I have tried for days to progress with Grub2 unsuccessfully.

So started from scratch.  Created both freebsd-boot and freebsd-ufs partitions on my internal HDD.  Copied /boot to freebsd-ufs. Use "gpart bootcode -p /boot/gptboot -i 5 ada0" where '5' is the index of the freebsd-boot partition.  This lead to nothing special.

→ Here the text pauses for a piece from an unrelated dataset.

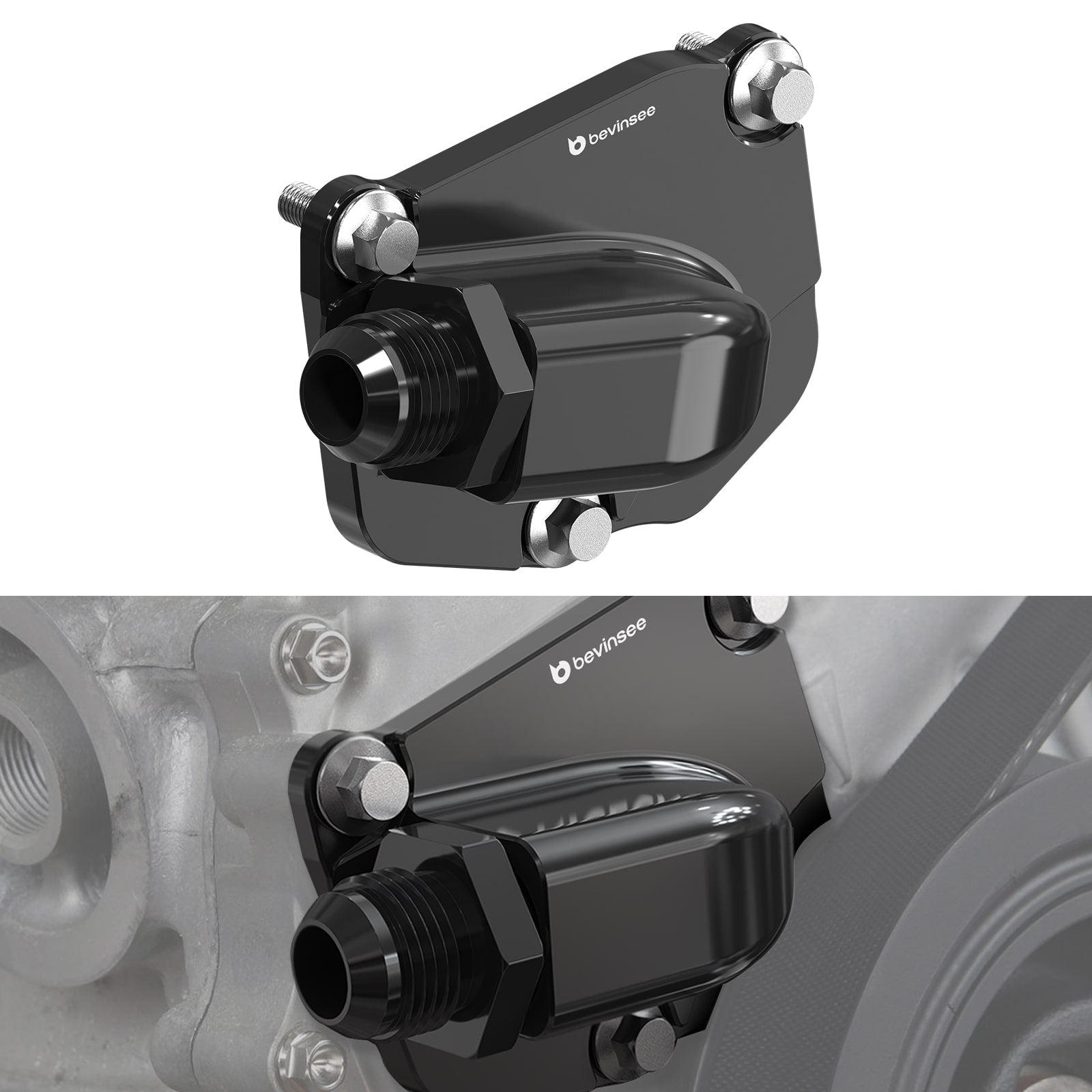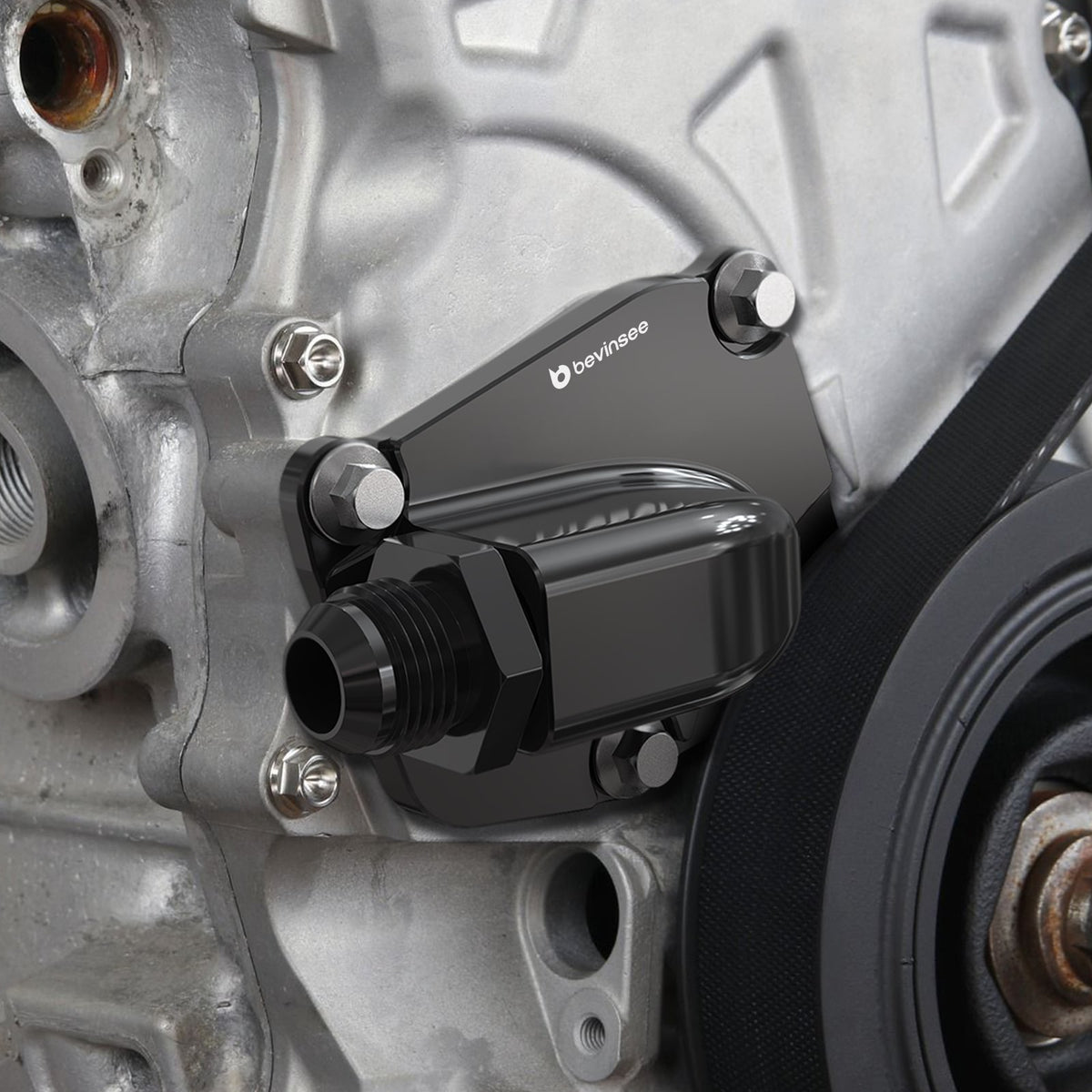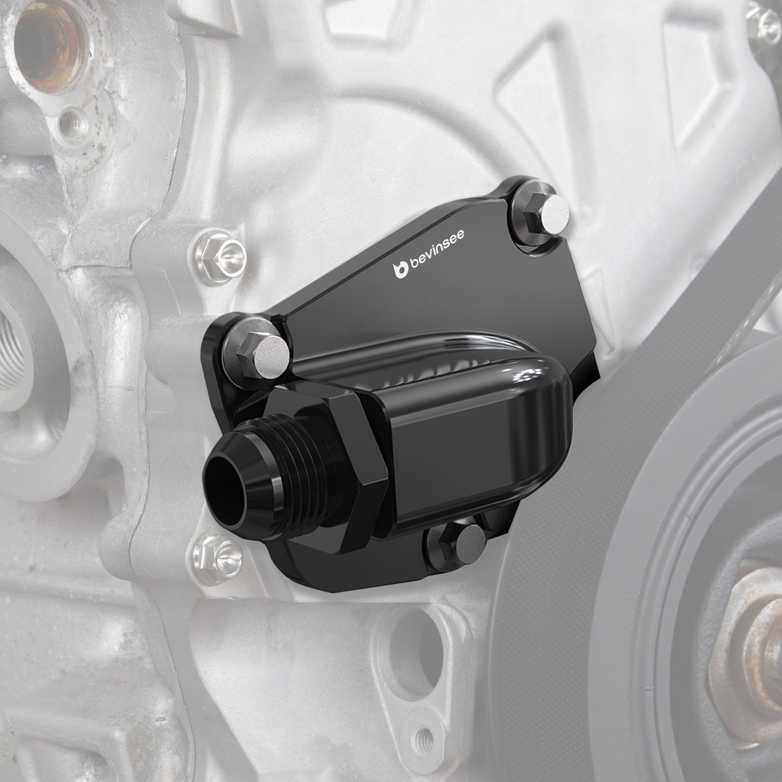 - Our billet Timing Chain Tensioner Cover with integrated Turbo Oil Drain provides an effective way to integrate the oil return, ultimately saving the hassle of removing and modifying the oil pan.

Tried "gpart bootcode -b /boot/pmbr ada0" and this got me booting on the internal HDD only when I had my USB stick with FreeBSD in a slot.  Problem was that upon rebooting with no USB stick inserted, the Mac showed the dreaded icon of a folder with a question mark.  Was able to use OSX Disk Utility from a clone of my internal HDD to Repair the internal HDD and be able to boot to OSX again.

Inspired by http://http://www.glenbarber.us/2011/11/12/Dual-Booting-OS-X-and-FreeBSD-9.html, I tried "gpart bootcode -b /boot/pmbr -p /boot/gptboot -i 5 ada0".  I noticed that the output was "Bootcode written to ada0" instead of the expected "Bootcode written to ada0p5".  This command appeared to do the same as "gpart bootcode -b /boot/pmbr ada0", i.e. the part "-p /boot/gptboot -i 5" went ignored, just as I thought it would from the manual page for gpart (that reads "bootcode  Embed bootstrap code into the partitioning scheme's metadata on the geom (using -b bootcode) or write bootstrap code into a partition (using -p partcode and -i index)."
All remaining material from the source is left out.